12. PW4’s evidence was that on that fateful night, she had put her baby to sleep. She asked PW1 to get her a radio. Wondering why she had taken too long to retrieve it, PW4 left the bedroom to investigate what could be happening. She then heard the appellant’s voice saying “Lucy what is wrong.” She followed the direction from where the voice was emanating and found the appellant together with PW1. After the appellant escaped, PW1 informed PW4 that the appellant had sexually assaulted her. She then called PW3 who returned back to the home with her husband. Together, they escorted PW1 to the hospital.
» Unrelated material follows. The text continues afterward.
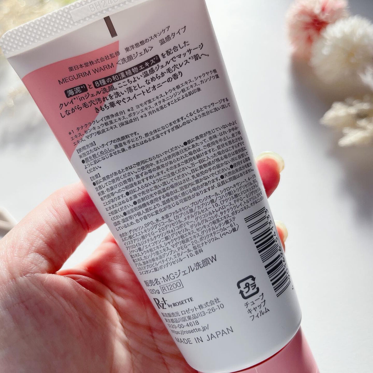 【MEGURIM RELAX ジェル洗顔】白泥配合公式によると「ゆらぎ肌」向けだそう。黄色のパッケージのやつ!です。香りは柑橘系🍊 【MEGURIM WARM ジェル洗顔】海泥配合公式によると「毛穴対策」。ピンクのです。ウォームの名前通り温感タイプで、これは唯一パケ裏に「顔を軽く塗らしてから使ってね」という旨の注意書きがしてあります。 【MEGURIM FLOW ジェル洗顔】ガスール配合公式だと「くすみ対策」ってなってるグリーンのフロウ。三つの中で唯一スクラブが入っています。

13. PW5 PC Odak was the investigating officer in this matter. He received the complaint on 23rd April 2014 at around 3:p.m. He conducted his investigations, interrogated the witnesses, gathered the evidence and proceeded to charge the appellant with the present offence. He testified that the offence occurred on 21st March 2014 but the appellant disappeared but was arrested on 15th May 2014.
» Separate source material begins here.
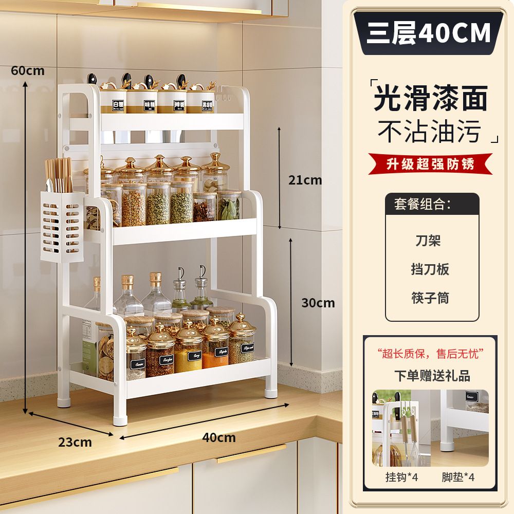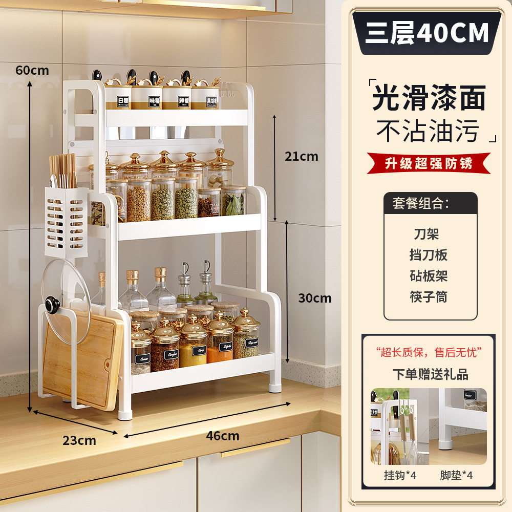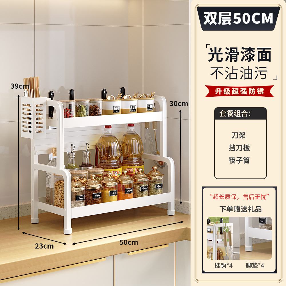 2025 새로운 스타일의 흰색 주방 조미료 보관 랙 다기능 양념 랙 조미료 랙 나이프 랙 카운터 탑 스토리지 랙스토어 가기

14. PW6 Dr. Joseph Karimi Kinyua,working at Nyahururu District Hospital produced the P3 form filed on 24th March 2014 on behalf of Dr. Mwangi Waguru who had since left the institution. He produced the evidence in pursuance of the court order issued on 25th January 2016. On observation of PW1, it was recorded that her hymen had raptured and the surrounding areas inflamed. The time of rapture was estimated as fresh shortly after the incident had occurred. She had scanty proteins. There was also the presence of spermatozoa. He confirmed that the victim was first seen at Salama Health Clinic. He also produced the Post Rape Care (PRC) form filled on 22nd March 2014. That according to the medical reports, the incident occurred on 21st March 2014. Finally, his evidence was that this was the minor’s first sexual encounter.
15. At the close of the prosecution’s case, the trial court found that the prosecution has established a prima facie case against the appellant. He was placed on his defence. The appellant called two witnesses in his defence. The appellant’s sworn testimony was that on 21st March 2014, he met PW3 together with her husband at the junction at 9:30 p.m. His evidence was that PW3 asked him to go to her home and check up on PW1 and PW4. He was then given the keys to access the homestead. He was assured that he would be served tea.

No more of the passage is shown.